Labor officials, by contrast, were highly displeased. In April, the general counsel for each of the AFL-CIO and the Service Employees International Union, in a letter to NLRB Chairman John Ring, urged postponement of the rule. Officials across nearly a dozen and a half states, virtually all of them non-Right to Work, also were exercised. On February 26, 2020, their attorneys general, led by New York State’s Letitia James, filed suit in Manhattan federal court to enjoin enforcement. “The final rule,” stated the complaint, “would upend this legal landscape by providing a de facto exemption from joint employment liability for businesses that outsource certain employment responsibilities to third parties.” In a rather incendiary statement, James asserted, “The new rule, which would result in lower wages and additional wage theft targeting lower- and middle-income workers, demonstrates that the Trump administration does not care about the hardworking individuals that help this country run.” The Washington, D.C.-based Economic Policy Institute, a Left-leaning think tank, estimated in late 2018 that the Department of Labor regulation, then in its proposal stage, would cost workers about $1.3 billion each year in wages.
For now, the unions and allied state governments have prevailed.
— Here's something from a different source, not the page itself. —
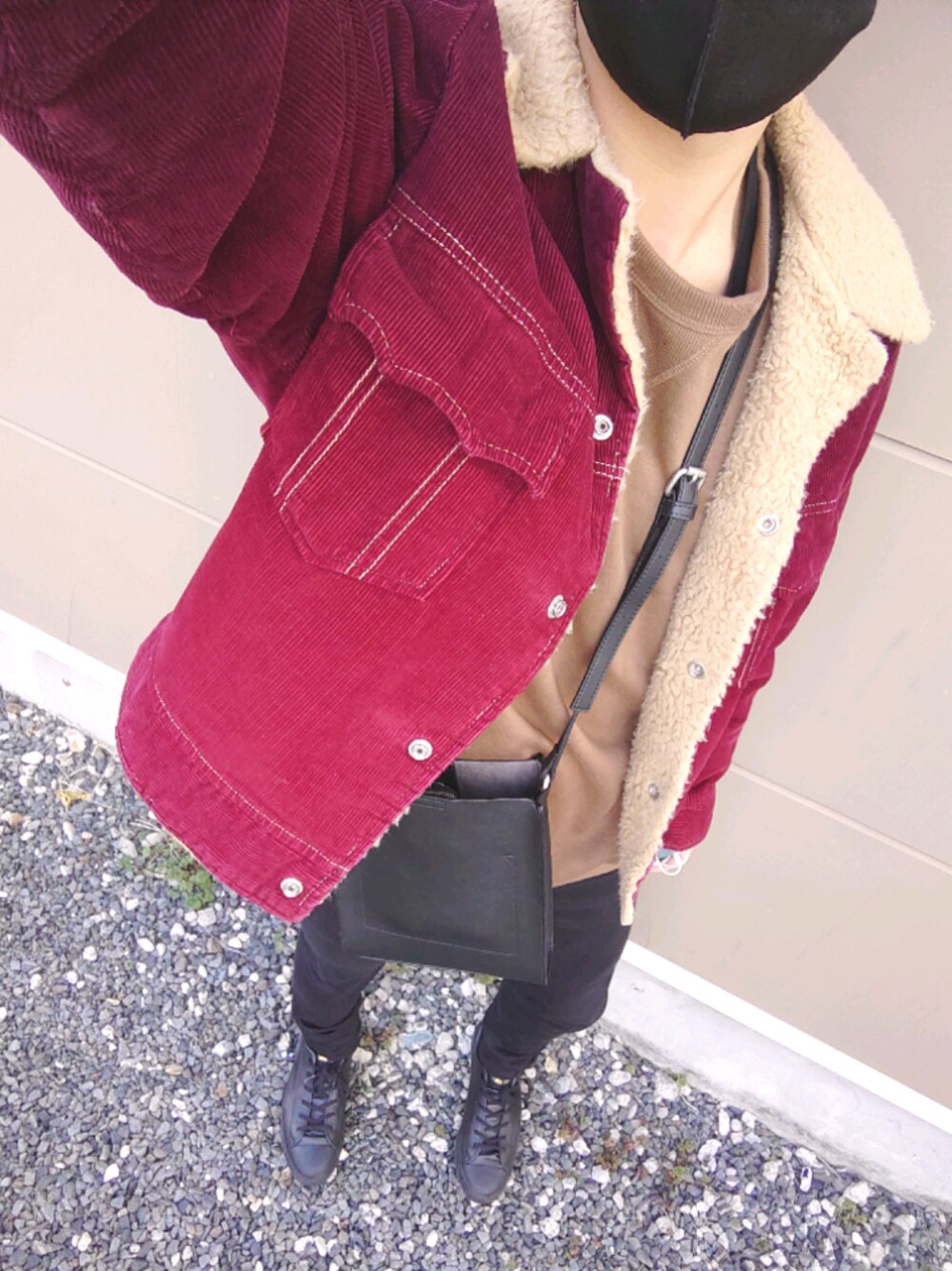 ワインレッドにベージュでシックにきめました アウター:古着 80年代 スウェット:GU パンツ:アーバンリサーチ

On September 8, U.S. District Judge Gregory Woods, an Obama appointee, in New York v. Scalia, struck down the “vertical” employer provisions of the DOL rule. In his 62-page decision, Woods concluded that the new regulation exceeded Fair Labor Standards Act statutory authority and mistakenly used separate tests to determine if a business entity qualifies as a joint employer. The DOL’s four-part test spelled out in January, Woods emphasized, was “impermissibly narrow.” He also declared the rule “arbitrary and capricious” because it contained unexplained inconsistencies, conflicted with the definition of joint employment under the Migrant and Seasonal Agricultural Workers Protection Act, and did not consider its cost impact on employees.
What will be the Trump administration’s next move? The Labor Department reportedly is considering an appeal. But winning may take mounds of paperwork. “If the Department departs from its prior interpretation, it must explain why,” Judge Woods wrote. “And it must make more than a perfunctory attempt to consider important costs, including costs to workers, and explain why the benefits of the new rule outweigh the costs. Because the Final Rule does none of these things, it is legally infirm.” Such a directive appears a case of loading the dice. Cost-benefit analysis, by its nature, is laden with subjective judgment. Any future alternative that the DOL puts forth to a court can be rejected for virtually any reason. This raises the larger issue: Why should business enterprises be forced to negotiate over workplace terms and conditions which they did not establish and don’t enforce? Franchising and contracting (including subcontracting) provide real opportunities for flexibility and business ownership in our economy. Organized labor and its allies are making clear that they have no use for such things.